Sin pasaporte desde 2017 y condenado a un año de prisión por actividades subversivas contra el régimen iraní, el cineasta Mohammad Rasoulof estrenó este jueves en España There is no evil, la película ganadora de la pasada Berlinale, cuatro relatos sin cuento sobre la dictadura de su país.Tiranía, represión, sometimiento y ejecuciones son moneda corriente en Irán y elementos recurrentes dentro de la filmografía de Rasoulof (Shiraz, 1972), más de media docena de filmes censurados por una dictadura que en pleno siglo XXI, en la era global de las nuevas tecnologías, considera al cine un instrumento de propaganda, agitación y rebeldía.

There is no evil, ganadora en Berlín del último festival previo a la pandemia, ha recalado en la 65ª Semana Internacional de Cine de Valladolid (Seminci), donde ha concursado junto a otro filme iraní, The wasteland, en este caso del novel Ahmad Bahrami, y a Minari, del veterano norteamericano Lee Isaac Chung.

Rasoulof ha volcado su condición de sociólogo en un filme de extenso metraje: dos horas y media distribuidas en cuatro episodios con protagonistas que adoptan distintas posturas cuando se ven obligados a ejecutar, desde sus diversas responsabilidades laborales o castrenses, las penas de muerte impuestas por los tribunales iraníes.

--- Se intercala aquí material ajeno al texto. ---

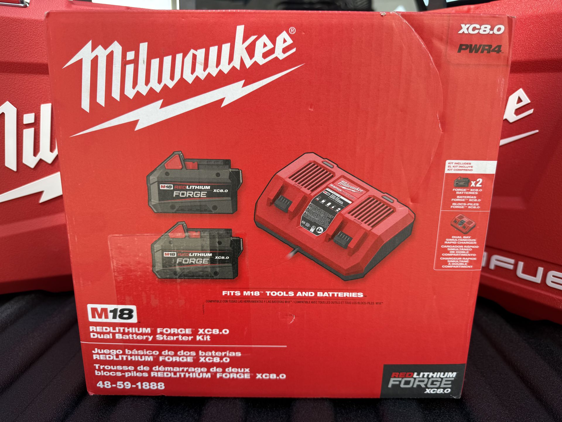 Kit Milwaukee M18 REDLITHIUM FORGE XC8.0 con dos baterías y cargador dual. Nuevo, sin uso. Compatible con toda la línea M18. Entrega en Napa Pago: efectivo, Zelle o Venmo I also speak English. You’re welcome to message me anytime.

Las respuestas oscilan entre la normalidad de quien asume con naturalidad su trabajo como verdugo a sueldo del Estado, caso de un modélico padre de familia, hasta quienes sienten unos remordimientos y escrúpulos que les lleva a actuar de una u otra forma con el consiguiente coste moral y personal.

Son militares profesionales o jóvenes que cumplen el servicio militar (casi dos años), sin el cual no pueden obtener un pasaporte, montar un negocio o cursar estudios superiores, y a quienes les obligan a formar parte de piquetes de ejecución para ahorcar a condenados mediante el sistema de retirar el taburete.

Rasoulof interpela así a los ciudadanos que viven bajo un régimen dictatorial y les fuerza, a través de sus personajes, a preguntarse qué están dispuestos a hacer: si asumir y acomodarse a la situación o rebelarse como él mismo ha hecho a través de su profesión y desde dentro de su país, sin querer optar por la vía del exilio.

Las actitudes, con matices muy finos, son variopintas y trenzan, a través de esos cuatro episodios, una película cuyo director no juzga ni prejuzga, sino que se limita a tratar de entender la paradoja de que en su país todos sean, en cierto modo, víctimas y verdugos a un mismo tiempo.

La cartografía humana y social del Irán del siglo XXI la ha completado Ahmad Bahrami (Shahriar, 1972), de la misma generación que Rasoulof pero con un menor recorrido que ahora ha apuntalado con The wasteland, su segundo largometraje.

Una adobera, en medio de una geografía hostil y donde la tecnología más avanzada es la cocción en un horno de gas, es el microcosmos elegido por Bahrami para describir el atlas social y humano de su país en el medio rural.